## [EXERCISE DATA]
──────────

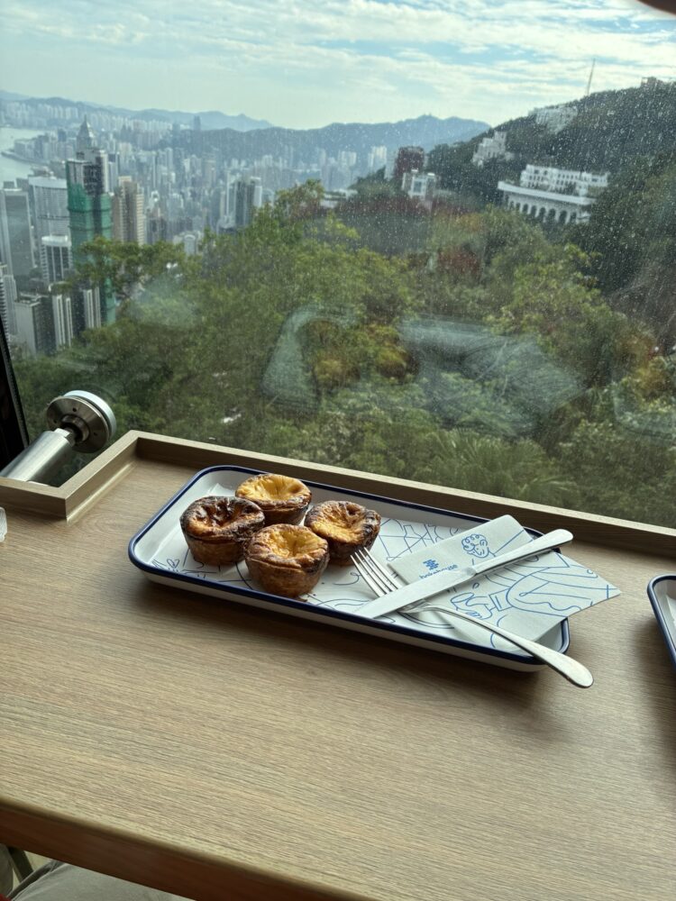 香港の絶景を見てお土産屋さんを覗いていたら、これまたエッグタルトで有名な「Bakehouse(ベイクハウス)」のカフェを偶然発見。開店30分前に並んで窓際の席を案内してくれました。
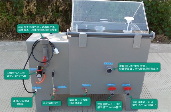 鹽霧腐蝕箱是模擬天氣環境和海洋氣候,是用來對金屬產品的防護層及其他產品一種人工模擬鹽霧環境的試驗測試;是利用含鹽溶液或酸性含鹽溶液,在一定的溫度和相對的濕度的環境下對材料或產品進行加速腐蝕,測試材料或產品在一定時間范圍內所遭受的破壞程度。
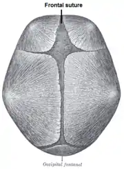 The frontal suture is a fibrous joint that divides the two halves of the frontal bone of the skull in infants and children. Typically, it completely fuses between three and nine months of age, with the two halves of the frontal bone being fused together. It is also called the metopic suture,[1][2] although this term may also refer specifically to a persistent frontal suture.[3]

──────────

## [ASSIGNED TASK]
Please restate word for word each line from the one containing "鹽霧腐蝕箱是模擬天氣環境和海" to the end of the data above, without the pictures.

## [EXERCISE ANSWER]
 鹽霧腐蝕箱是模擬天氣環境和海洋氣候,是用來對金屬產品的防護層及其他產品一種人工模擬鹽霧環境的試驗測試;是利用含鹽溶液或酸性含鹽溶液,在一定的溫度和相對的濕度的環境下對材料或產品進行加速腐蝕,測試材料或產品在一定時間范圍內所遭受的破壞程度。
 The frontal suture is a fibrous joint that divides the two halves of the frontal bone of the skull in infants and children. Typically, it completely fuses between three and nine months of age, with the two halves of the frontal bone being fused together. It is also called the metopic suture,[1][2] although this term may also refer specifically to a persistent frontal suture.[3]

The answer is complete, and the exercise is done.